**PROBLEM DESCRIPTION:**
All that is needed is the lines from the one containing "Legg til en" through the end of the listing, printed exactly, with no pictures among them.

**SOURCE DATA:**
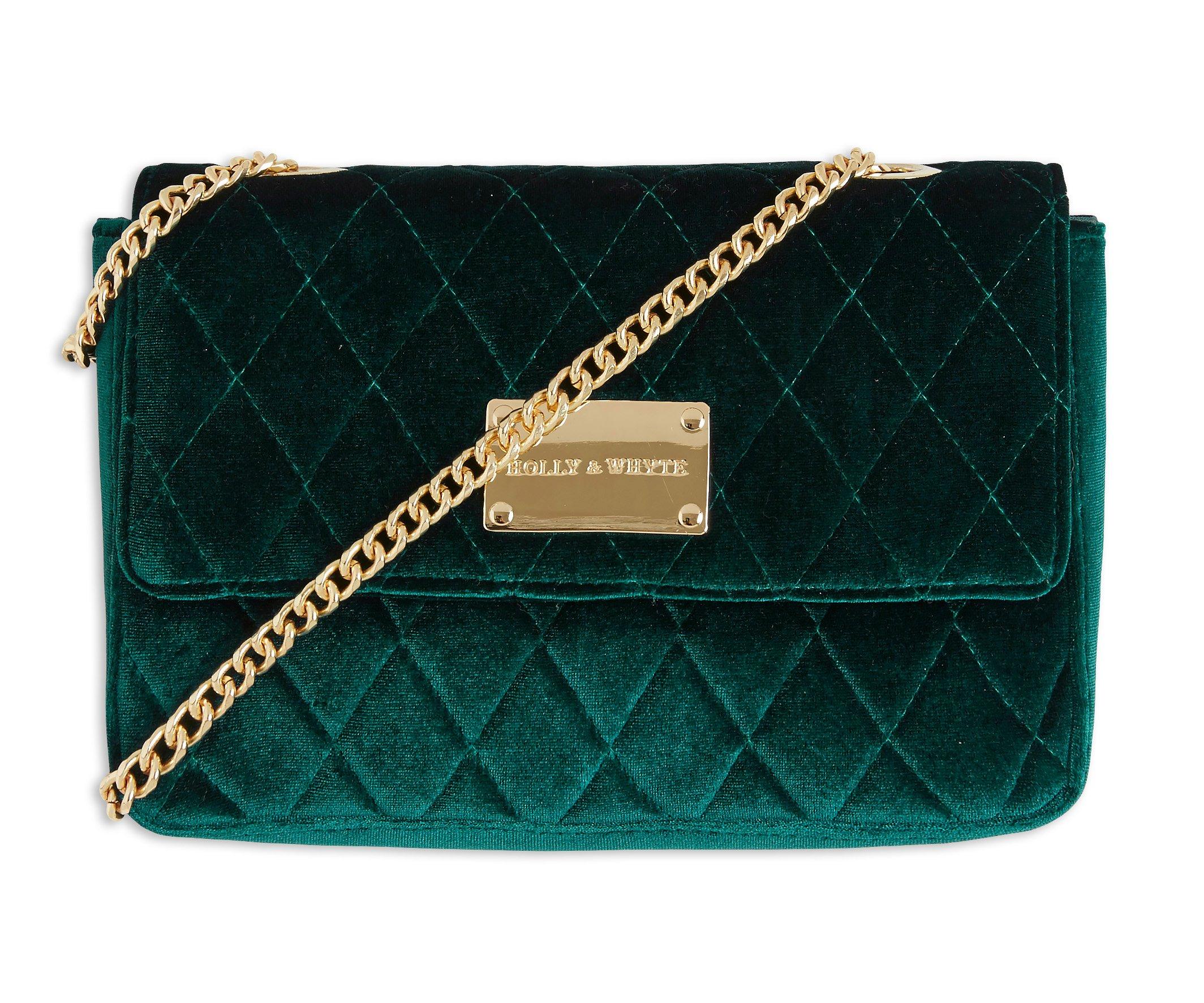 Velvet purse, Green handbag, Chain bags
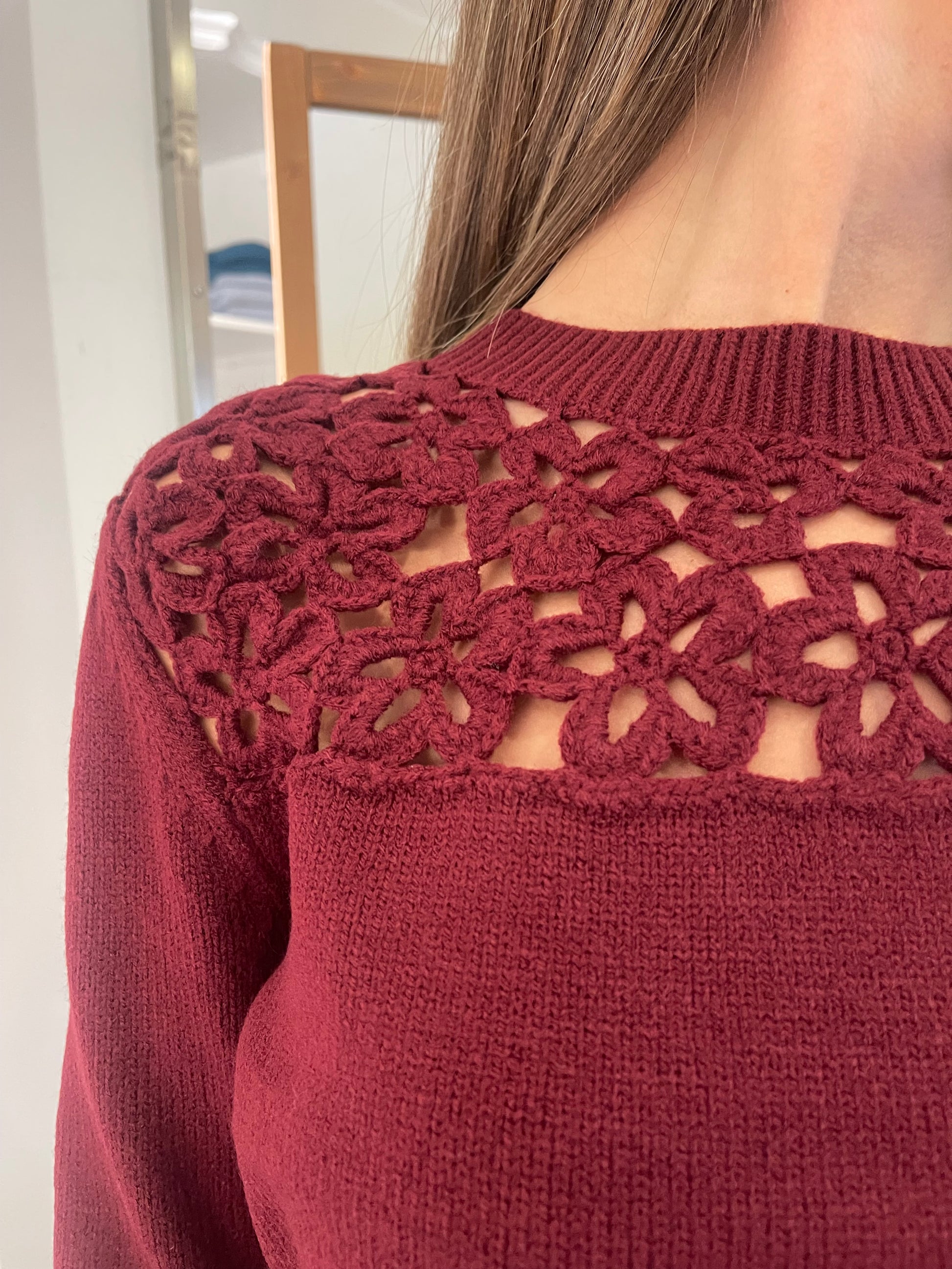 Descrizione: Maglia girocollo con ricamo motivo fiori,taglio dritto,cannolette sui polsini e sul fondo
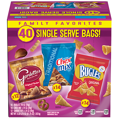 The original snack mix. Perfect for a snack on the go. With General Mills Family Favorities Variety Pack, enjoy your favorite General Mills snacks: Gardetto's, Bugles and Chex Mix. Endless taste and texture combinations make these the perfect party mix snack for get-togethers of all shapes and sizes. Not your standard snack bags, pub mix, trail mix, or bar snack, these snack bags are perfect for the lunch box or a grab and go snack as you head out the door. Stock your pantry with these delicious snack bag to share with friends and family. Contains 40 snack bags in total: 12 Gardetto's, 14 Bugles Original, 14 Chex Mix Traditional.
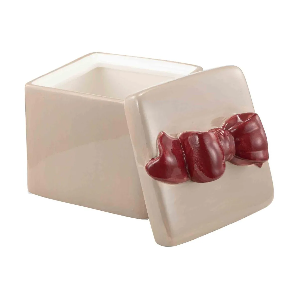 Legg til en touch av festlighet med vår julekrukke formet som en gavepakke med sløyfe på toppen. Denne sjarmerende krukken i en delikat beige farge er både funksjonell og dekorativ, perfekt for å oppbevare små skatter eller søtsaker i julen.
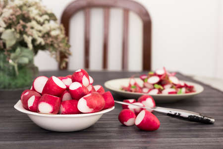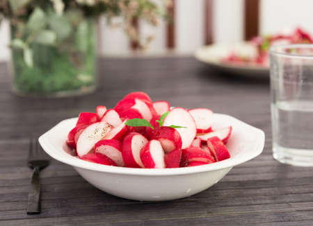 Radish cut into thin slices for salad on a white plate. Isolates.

**EXERCISE ANSWER:**
 Legg til en touch av festlighet med vår julekrukke formet som en gavepakke med sløyfe på toppen. Denne sjarmerende krukken i en delikat beige farge er både funksjonell og dekorativ, perfekt for å oppbevare små skatter eller søtsaker i julen.
 Radish cut into thin slices for salad on a white plate. Isolates.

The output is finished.